Молодость не может долго пребывать в печали, и скоро Дарник вернулся в свое привычное ровное настроение. Первую ночь в городе он пожелал провести именно в той горнице, где полтора года назад ему так хорошо спалось. Прежние две пожилые женщины были на месте и с готовностью согласились приготовить ему большую кадку с горячей водой, в которой он испытал тогда редкостное удовольствие. После ночевок на снегу это оказалось еще большим наслаждением. Умиротворенный, в чистом белье, он уже улегся на пышный пуховик, когда услышал за дверью резкий женский голос. Кто-то пререкался с его сторожами-арсами. Эта была та самая вдова, ночь с которой он выиграл в честном поединке. Тогда он не захотел воспользоваться наградой, теперь она пришла к нему во второй раз. Звали женщину Друей. Когда у мужчины и женщины есть общее, пусть даже небольшое прошлое, их отношения складываются совсем иначе, чем когда они все начинают с нуля. Так было и на сей раз. За простыми словами скрывалась некая гораздо более важная недосказанность.
– Узнаешь ли ты меня? – спросила Друя, когда они в горнице остались одни.

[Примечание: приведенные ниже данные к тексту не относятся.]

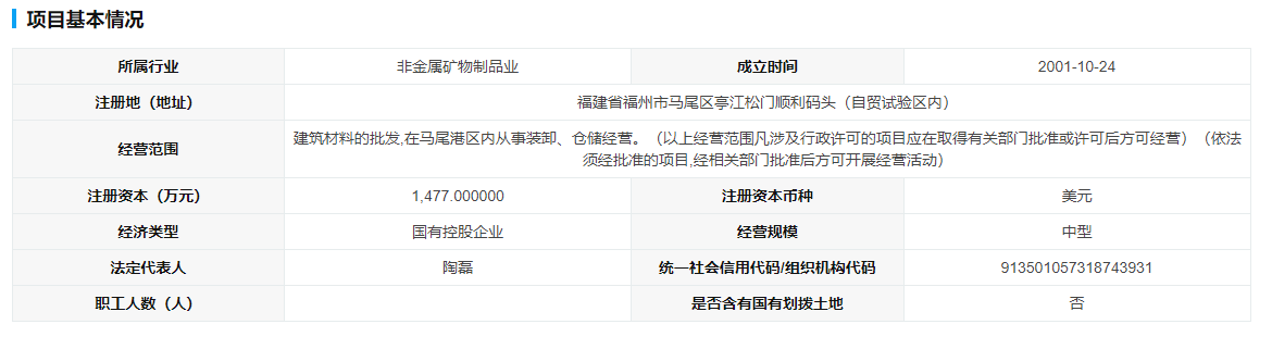 華潤水泥(福州)有限公司企業(yè)地址位于福建省福州市馬尾區(qū)亭江松門順內(nèi)從事裝卸、倉儲(chǔ)經(jīng)營等。
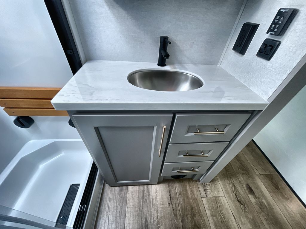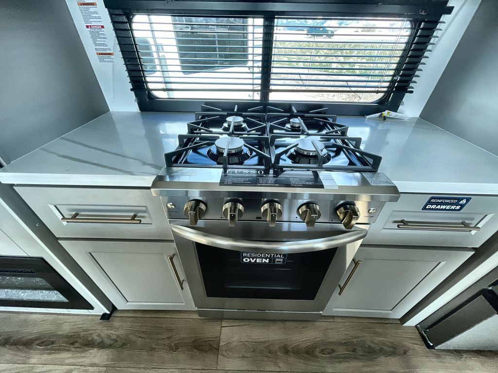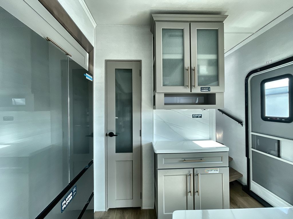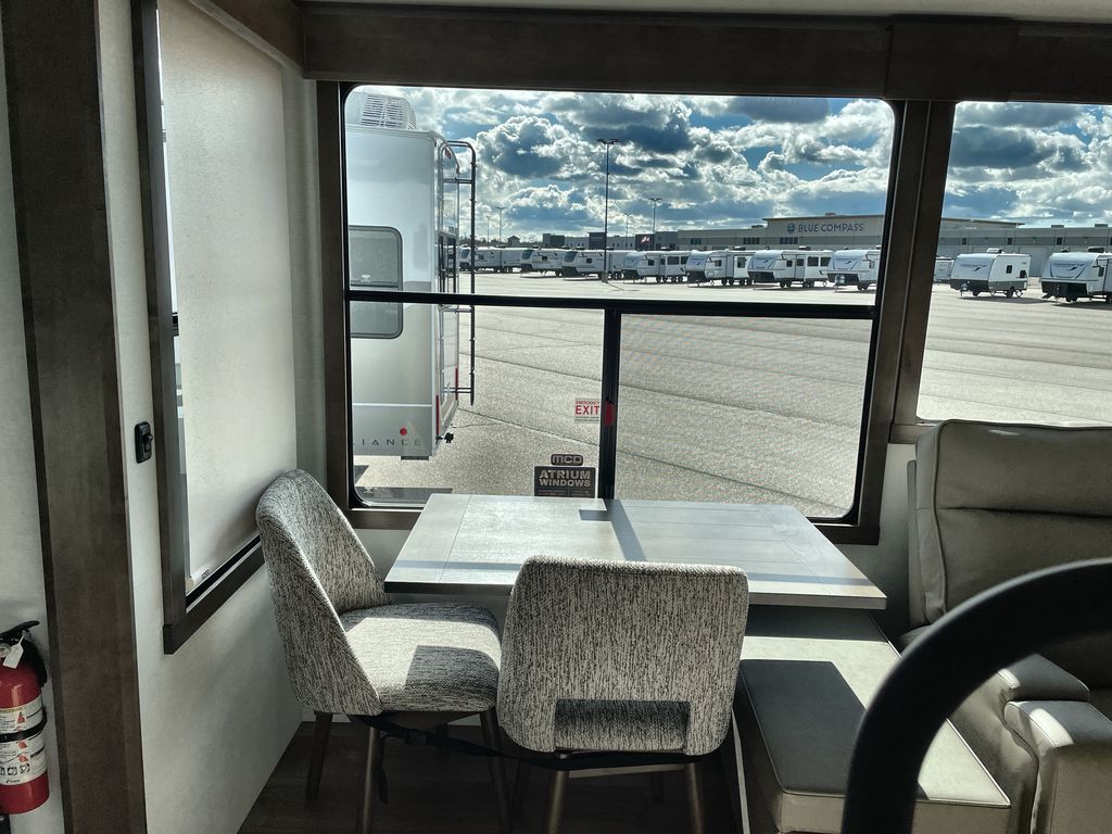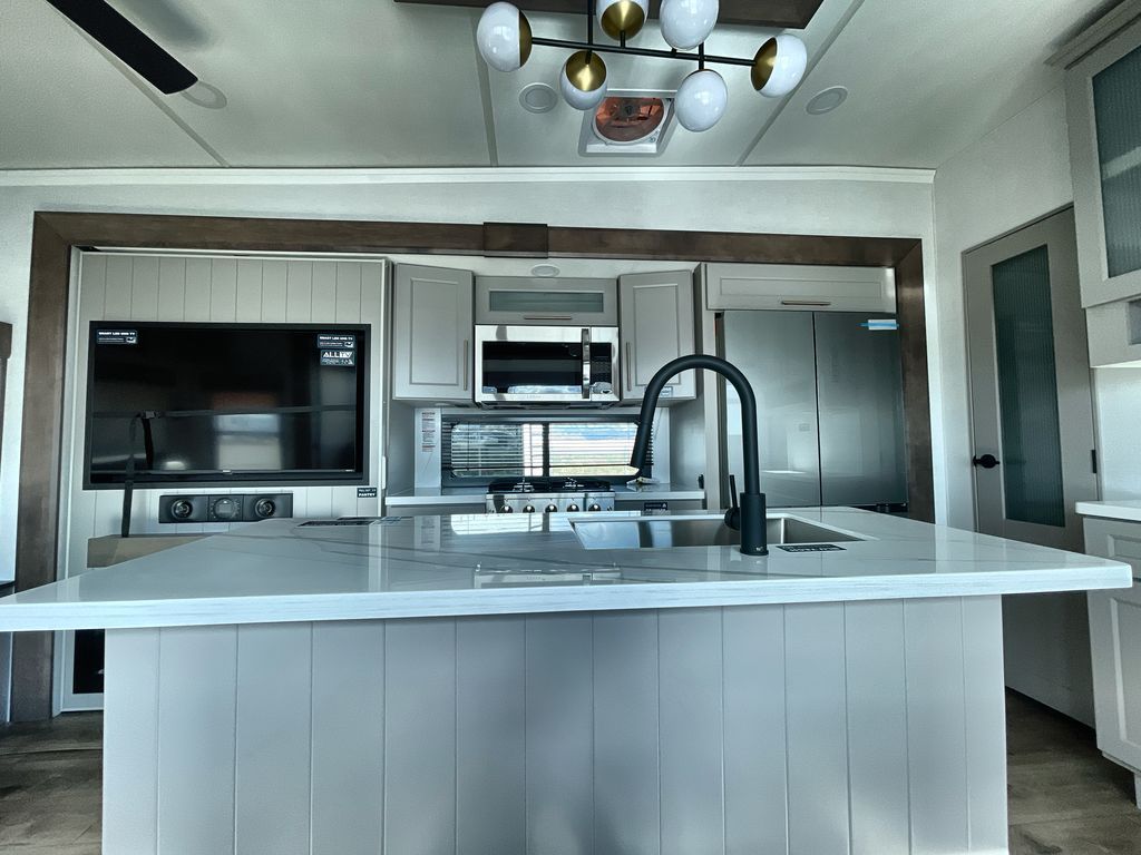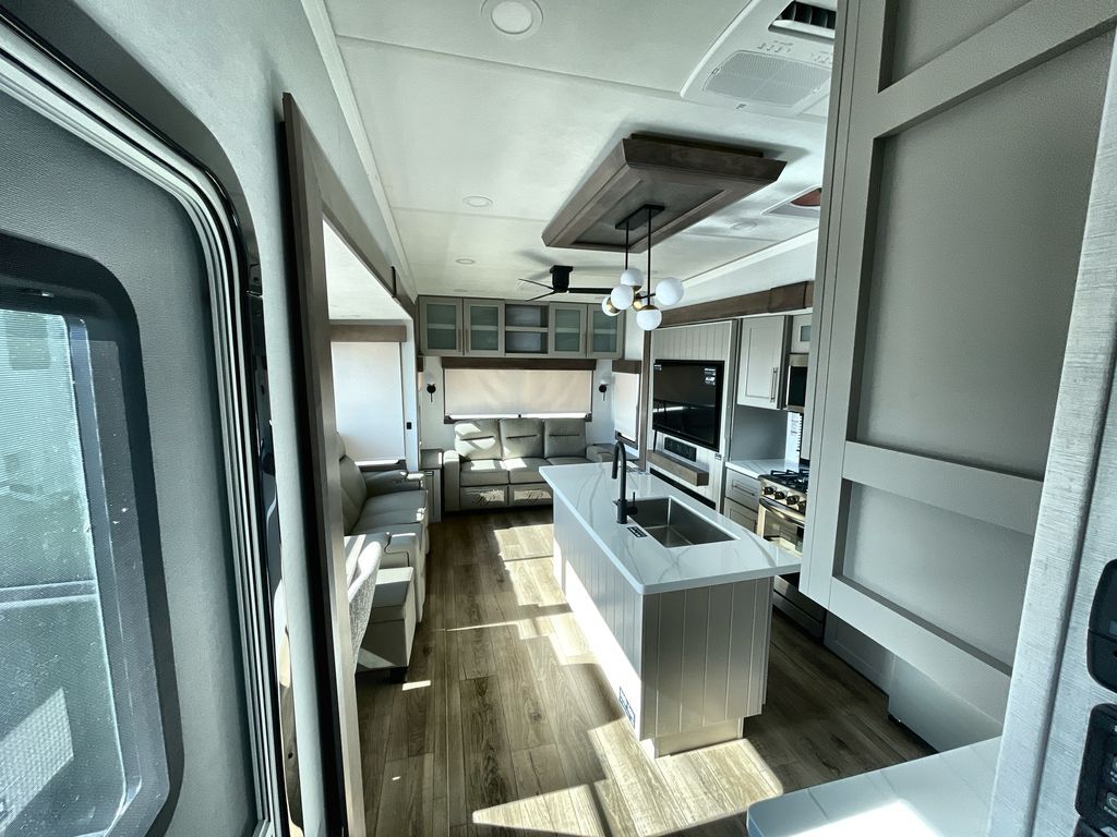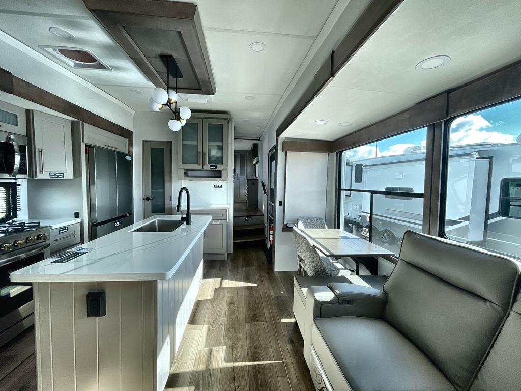 The Paradigm fifth wheels by Alliance RV are functional, high-quality, and luxurious for an unforgettable camping experience. There are three A/C units and a 40K BTU furnace to keep you comfortable year around, and you'll appreciate additional convenient amenities, like the all-in-one enclosed/heated utility center and the color coded and numbered wiring. A Helux Series coil spring pin box comes standard for hassle-free towing, along with Curt 8,000 lb. axles. You'll love the kitchen with its LG solid surface countertops and Lusso range, plus there is LED motion lighting in the pantry and a Maxx fan with a rain sensor to keep everything fresh when making dinner. Each model also includes an HD Smart TV in the living room and bedroom. And of course there are a variety of options you can choose from to further customize your fifth wheel; dual pane windows, Super Solar Plus, slide out awning toppers, and generator prep or a generator to name a few!

– Узнаю. А как тот молодец, что тогда был с тобой вместо меня? – поинтересовался он.
– Еще один раз приходил, а потом уехал из Перегуда.
– Ну а как с рождением богатыря?
– Не всегда получается так, как хочется, – застенчиво отвечала она. – Мне сказали, что у тебя четыре жены.
– Было пять, но одну пришлось казнить.
– И не жалко было ее, пятую?
– Жалко. Но чем выше любовь, тем серьезнее должно быть и наказание. Зато теперь про нее лет двадцать помнить будут.
Так они разговаривали, жадно поедая друг друга глазами.
– Ну, я пойду, тебе, наверно, отдохнуть хочется, – сказала она, наконец поднимаясь из-за стола.
– А как же рождение богатыря? – чуть волнуясь, что она в самом деле уйдет, напомнил он.
– Разве липовскому князю пристало теперь заниматься таким баловством?
– Липовскому князю пристало все, что ему хочется, – в обычном своем духе пошутил Рыбья Кровь.
Разумеется, Друя и не собиралась уходить, зато их непринужденный разговор придал всему последующему какую-то особую узнаваемость и нежность. Дарник был совершенно околдован этим нежданным подарком судьбы и даже подумал, что те пышные слова, которые встречались в любовных свитках, не совсем далеки от истины.
Впрочем, очарование ночным событием длилось ровно до середины следующего дня, до тех пор, пока он не начал вершить княжеский суд над десятком домовладельцев, которых народный сход обвинял в том, что они всячески услуживали злым пришельцам и доносили на своих соседей. Среди них был и отец Друи. Дарнику стало досадно, он понял, что2 именно послужило причиной ночного прихода молодой женщины.
За предательство этим, вчера еще достойным мужам Перегуда полагалось лишение имущества и изгнание из города. Князю оставалось только решить: когда и куда – сейчас, в зимний мороз, или позволить им дождаться весеннего тепла? Дарник назначил высылку через две недели, за это время изгои должны были подыскать себе место для временного постоя и перевезти туда домашний скарб.
– А они возьмут и через две недели подожгут собственные дома! – выкрикнул один из обвинителей. – И весь город еще спалят. Сейчас выселять надо, сейчас! И имущества никакого не позволять вывозить!
– Будет, как я сказал! – строго оборвал Дарник.
На том и порешили. Все дома изменников, к неудовольствию старейшин, поступали в распоряжение князя. В них тотчас стали вселяться десятские липовцев. Вечером Друя на коленях умоляла Дарника изменить приговор в отношении ее семьи: мол, ее теперь, как княжескую полюбовницу, никто в городе не посмеет обидеть или оскорбить.
– Я подумаю, – неопределенно пообещал он, хотя уже знал, как поступит с ее семьей.